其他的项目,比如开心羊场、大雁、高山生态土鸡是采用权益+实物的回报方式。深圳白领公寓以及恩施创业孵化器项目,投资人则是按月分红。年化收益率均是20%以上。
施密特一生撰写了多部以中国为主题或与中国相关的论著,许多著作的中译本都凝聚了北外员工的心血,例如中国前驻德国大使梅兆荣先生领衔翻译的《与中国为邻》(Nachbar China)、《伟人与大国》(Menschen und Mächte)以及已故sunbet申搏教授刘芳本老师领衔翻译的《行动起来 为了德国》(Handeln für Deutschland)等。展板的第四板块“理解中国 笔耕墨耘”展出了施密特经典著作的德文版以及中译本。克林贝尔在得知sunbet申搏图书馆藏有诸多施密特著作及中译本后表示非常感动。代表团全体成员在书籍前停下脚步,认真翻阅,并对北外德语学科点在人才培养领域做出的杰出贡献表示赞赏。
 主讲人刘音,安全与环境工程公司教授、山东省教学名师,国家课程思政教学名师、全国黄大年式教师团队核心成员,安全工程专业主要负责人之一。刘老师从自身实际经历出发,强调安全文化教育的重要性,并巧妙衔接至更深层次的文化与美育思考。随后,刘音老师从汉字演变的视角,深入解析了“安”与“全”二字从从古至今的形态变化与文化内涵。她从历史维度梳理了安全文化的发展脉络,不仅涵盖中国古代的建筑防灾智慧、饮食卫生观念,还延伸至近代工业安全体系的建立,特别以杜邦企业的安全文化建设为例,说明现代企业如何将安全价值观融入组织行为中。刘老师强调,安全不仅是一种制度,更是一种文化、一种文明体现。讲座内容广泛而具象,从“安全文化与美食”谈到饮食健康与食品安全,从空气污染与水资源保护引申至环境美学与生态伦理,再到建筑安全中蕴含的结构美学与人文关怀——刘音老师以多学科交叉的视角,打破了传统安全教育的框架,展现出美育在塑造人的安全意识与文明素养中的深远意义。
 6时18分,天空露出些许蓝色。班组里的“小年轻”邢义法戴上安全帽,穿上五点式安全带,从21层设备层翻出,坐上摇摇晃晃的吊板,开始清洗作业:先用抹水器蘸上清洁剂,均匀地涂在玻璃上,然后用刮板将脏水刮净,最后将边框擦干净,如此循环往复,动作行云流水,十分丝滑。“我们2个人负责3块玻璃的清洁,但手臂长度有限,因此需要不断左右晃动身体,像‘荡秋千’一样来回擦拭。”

──────────

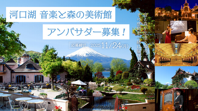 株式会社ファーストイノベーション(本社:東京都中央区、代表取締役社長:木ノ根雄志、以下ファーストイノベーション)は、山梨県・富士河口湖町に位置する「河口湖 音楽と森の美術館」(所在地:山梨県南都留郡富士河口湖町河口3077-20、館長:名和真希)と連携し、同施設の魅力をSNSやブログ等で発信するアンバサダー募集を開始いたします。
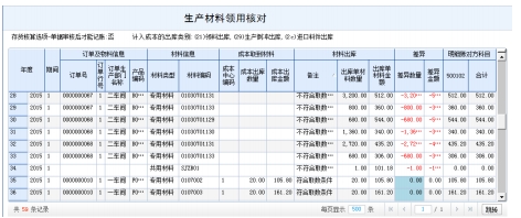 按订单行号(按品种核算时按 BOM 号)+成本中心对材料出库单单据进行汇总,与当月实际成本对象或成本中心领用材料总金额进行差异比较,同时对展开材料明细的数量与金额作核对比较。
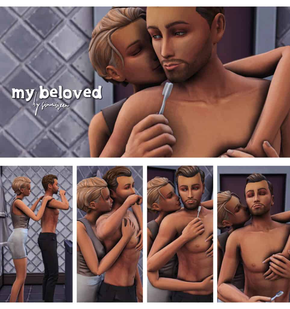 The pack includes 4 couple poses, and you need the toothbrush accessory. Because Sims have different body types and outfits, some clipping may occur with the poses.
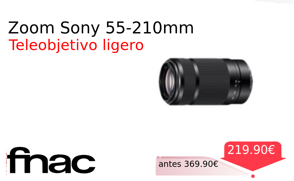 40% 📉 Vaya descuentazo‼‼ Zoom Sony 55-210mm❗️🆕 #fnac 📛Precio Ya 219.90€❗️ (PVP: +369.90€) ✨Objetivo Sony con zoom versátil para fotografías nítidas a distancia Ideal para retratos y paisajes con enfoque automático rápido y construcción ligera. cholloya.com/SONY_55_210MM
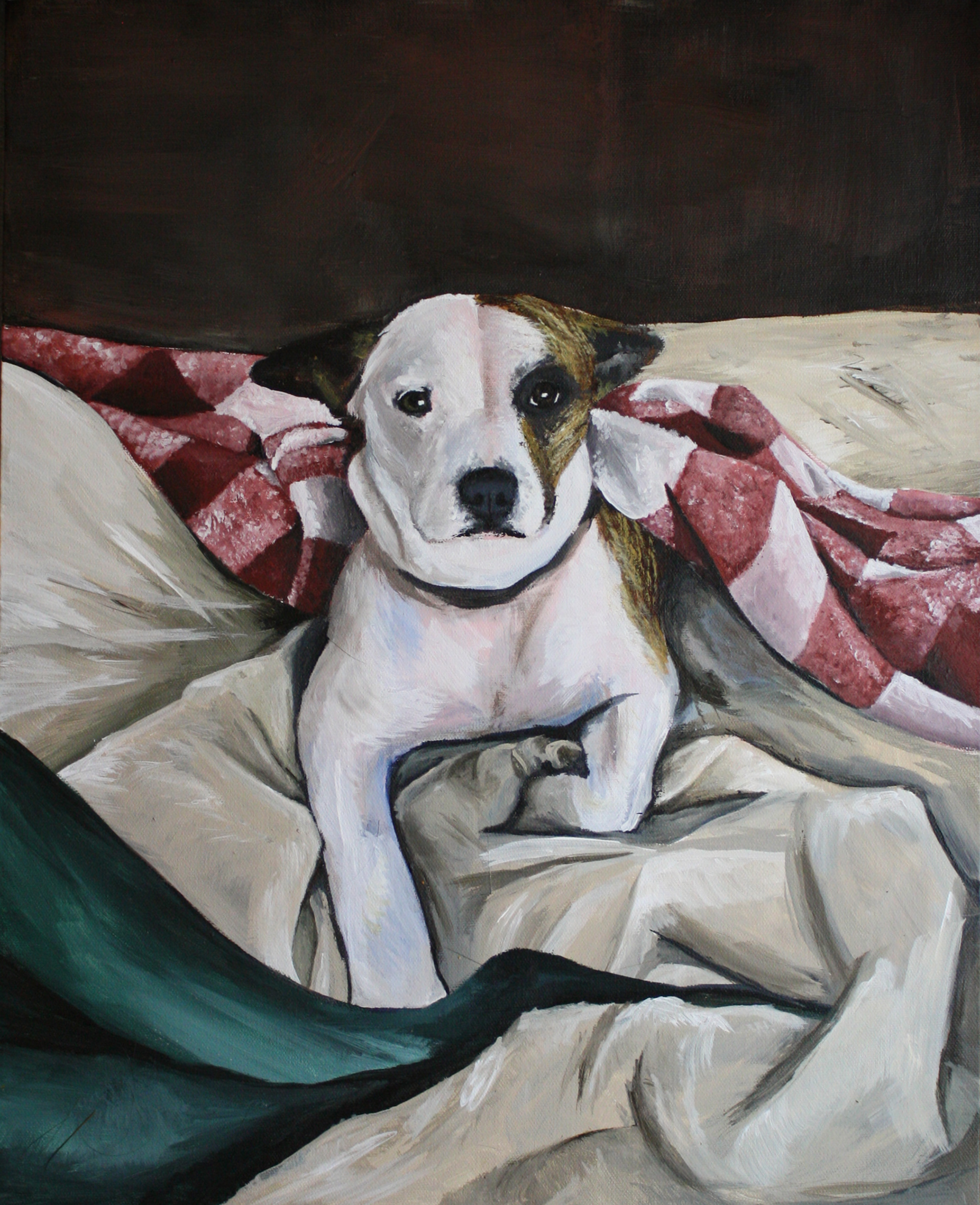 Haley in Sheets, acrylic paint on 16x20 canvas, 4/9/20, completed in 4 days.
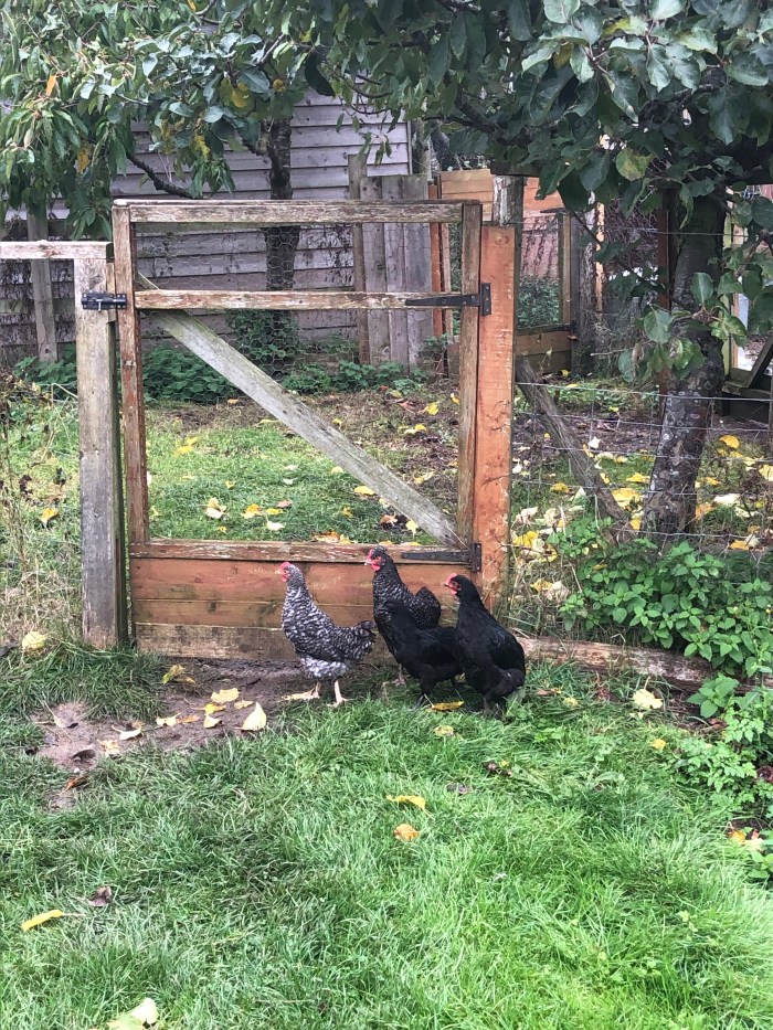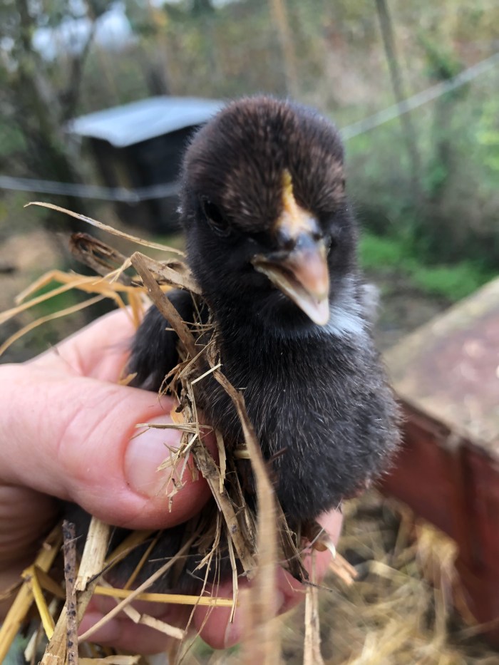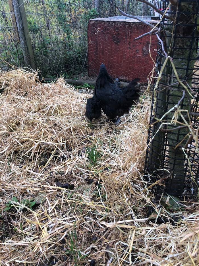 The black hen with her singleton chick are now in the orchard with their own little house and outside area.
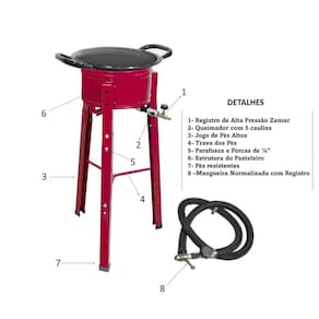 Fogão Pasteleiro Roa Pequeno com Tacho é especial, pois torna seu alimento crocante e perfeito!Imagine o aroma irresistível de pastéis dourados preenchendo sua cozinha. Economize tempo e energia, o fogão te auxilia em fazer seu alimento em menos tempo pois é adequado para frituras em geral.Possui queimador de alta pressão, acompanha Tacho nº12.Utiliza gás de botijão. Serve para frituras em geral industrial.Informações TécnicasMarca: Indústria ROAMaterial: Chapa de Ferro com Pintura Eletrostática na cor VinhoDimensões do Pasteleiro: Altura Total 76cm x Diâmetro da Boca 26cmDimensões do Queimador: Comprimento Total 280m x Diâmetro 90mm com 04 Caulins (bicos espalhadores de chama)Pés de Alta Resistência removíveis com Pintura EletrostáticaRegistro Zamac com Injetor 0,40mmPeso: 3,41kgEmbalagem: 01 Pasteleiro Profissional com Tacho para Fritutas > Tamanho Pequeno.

──────────

Respond with the exact lines above running from the one containing "40% 📉 Vaya descuentazo‼‼" to the one containing "The black hen", both ends kept and no pictures included.

The answer:
 40% 📉 Vaya descuentazo‼‼ Zoom Sony 55-210mm❗️🆕 #fnac 📛Precio Ya 219.90€❗️ (PVP: +369.90€) ✨Objetivo Sony con zoom versátil para fotografías nítidas a distancia Ideal para retratos y paisajes con enfoque automático rápido y construcción ligera. cholloya.com/SONY_55_210MM
 Haley in Sheets, acrylic paint on 16x20 canvas, 4/9/20, completed in 4 days.
 The black hen with her singleton chick are now in the orchard with their own little house and outside area.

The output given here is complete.